About 1 in 4 patients admitted to a hospital in the United States will suffer, according to a study published Wednesday in the New England Journal of Medicine.
Experts underline the striking findings, that despite decades of effort, hospitals in the US still have a long way to go to improve patient safety.
D., chief of general medicine at Brigham and Women’s Hospital in Boston, who led the study. “These numbers are disappointing but not shocking,” said David Bates. “They show that we still have a lot of work to do.”
The research analyzed the medical records of 2,809 patients admitted to 11 Boston-area hospitals in 2018. The study excluded only those who applied for observation, hospice, rehabilitation, addiction treatment, or psychiatric care.
Hospital data showed that 663 of these patients – about 24% – experienced at least one event during their stay that had a temporary, albeit temporary, adverse effect on their health.
A total of 222 adverse events were considered preventable, meaning one mistake harmed the patient. This corresponds to about 7% of the total applications analyzed by the researchers. Twenty-nine people, or 1% of the admitted total, experienced serious preventable adverse events that resulted in serious injury. One death was considered preventable.
However, most of the bad outcomes were considered unavoidable. These may include known side effects of certain medications or known risks associated with surgery.
Overall, the most common adverse events (approximately 40%) were related to medications given in the hospital. Surgery and other procedures were just over 30%, followed by what the study authors called “patient care events”, with 15%. These include fall and bedsores, both of which are considered preventable.
A bright spot, according to experts, was that hospital-acquired infections only accounted for about 12% of adverse events – a significant drop according to a 1991 study that found infections to be the second most common side effect.
This 1991 study, called the Harvard Medical Practice Study I, is considered landmark research.
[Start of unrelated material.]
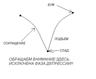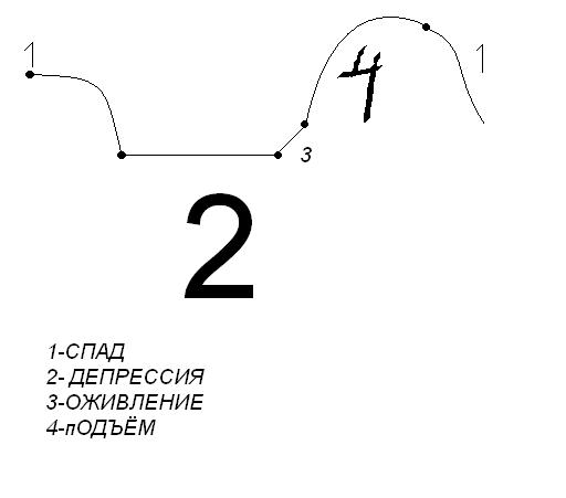 Я фаза ОЖИВЛЕНИЕ Я фаза ДЕПРЕССИЯ. Наступает после и может иметь длительный характер. Однако уровень производства стабилен, но низок по отношению к докризисному состоянию. Высокий уровень безработицы сохраняется, и стабилизируются запасы товарные. Незначительное повышение уровня производства и некоторое сокращение безработицы, начинают расти цены, растетё ссудный процент. На товарном рынке растёт спрос на новое оборудование, наметившееся оживление охватывает все большее количество отраслей,начинают расти инвестиции. Зачастую приобретает ажиотажный характер, при этом уровень производства доходит до пред.цикла, лихорадочно растут цены, сокращается безработица растёт заработная плата на этой фазе редко растёт спрос на продукцию отраслей обеспечивающих НТП. На фазе роста усиливаются диспропорции, заложенные ещё на фазе оживления, и экономика вновь походит к следующему витку.

He used data from patients hospitalized in New York state in 1984 and found that only about 4% of hospitalized patients were injured. However, the study looked for a smaller range of side effects than current research, and hospitals got much better at reporting harm when it occurred.
“At least it’s clear that the rate hasn’t dropped and damage remains a really serious issue,” Bates said.
Johns Hopkins Bloomberg School of Public Health director of the Center for Health Services and Research Results Dr. Albert Wu said in an email that while progress has been made in some areas, new risks are emerging as medicine advances.
“While we removed some of the causes of harm, there were new types of harm associated with new potent drugs and new procedures,” said Wu, who was not involved in the new research.
For example, pharmaceutical companies have made significant progress in the three decades since the last report was published, but the plethora of available drugs offers more opportunities for medication errors.
Honorary president and senior member of the institute, Dr. “There are many more drugs available today than in 1991, and some drugs have a smaller therapeutic margin, which is the gap between therapeutic effect and dangerous dose,” said Donald Berwick. For Health Improvement in Boston. Berwick wrote an editorial published Wednesday along with the new study.
Even technologies implemented to prevent medication errors can create new opportunities for accidents.
“New technologies are always bidirectional and you need to have intense surveillance to watch them. You have to anticipate what could go wrong and build dams around the hazards,” said Berwick.
Linda Aiken, founding director and professor of the Center for Health Outcomes and Policy Research at Penn Nursing in Philadelphia, said staff is at the center of patient safety.
“Since we’ve been doing research on patient safety, we’ve consistently found that one of the main explanations for poor patient outcomes is an insufficient number of nurses at the bedside,” he said. “Having enough nurses is a building block for safety.”
In a 2018 study published in Health Affairs, Aiken and his team interviewed nurses at 535 hospitals in the United States. Sixty percent reported that their hospitals did not have enough nurses to provide safe care to patients. The pandemic infuriated nurses who were already stressed and led to strikes.
Only one state, California, has legal criteria for the minimum number of staff required for safety in a hospital. A nurse cannot care for more than five patients at a time.
“If you truly enforce such a standard, you can save many lives that fall within the scope of patient safety,” Aiken said. These are preventable, but there are very few nurses out there to provide the type of care that will prevent these adverse events from happening.”
Experts said that efforts should be made to prevent damages that are described as unavoidable.
“Applications evolve in such a way that unavoidable bugs can be avoided by changes in the app,” Wu said. “For example, if you stop using a drug completely, [has a] high rate of unavoidable side effects, these negative effects will no longer exist.”
As chief quality and clinical transformation officer at University Hospitals in Cleveland, Dr. Peter Pronovost was working to prevent bloodstream infections that were once seen as “unavoidable rather than preventable.”
“When we changed this narrative and used checklists, we reduced these infections by 80%, which used to kill more people than breast or prostate cancer,” he wrote in an email.
Wu said patients “should keep in mind the potential for harm while being hospitalized.” He encouraged patients to be an active part of the healthcare team and told hospital staff what diagnoses they had made, the medications they used, the allergies they had, and the care they had elsewhere.
“If you think something might be wrong, speak up!” said.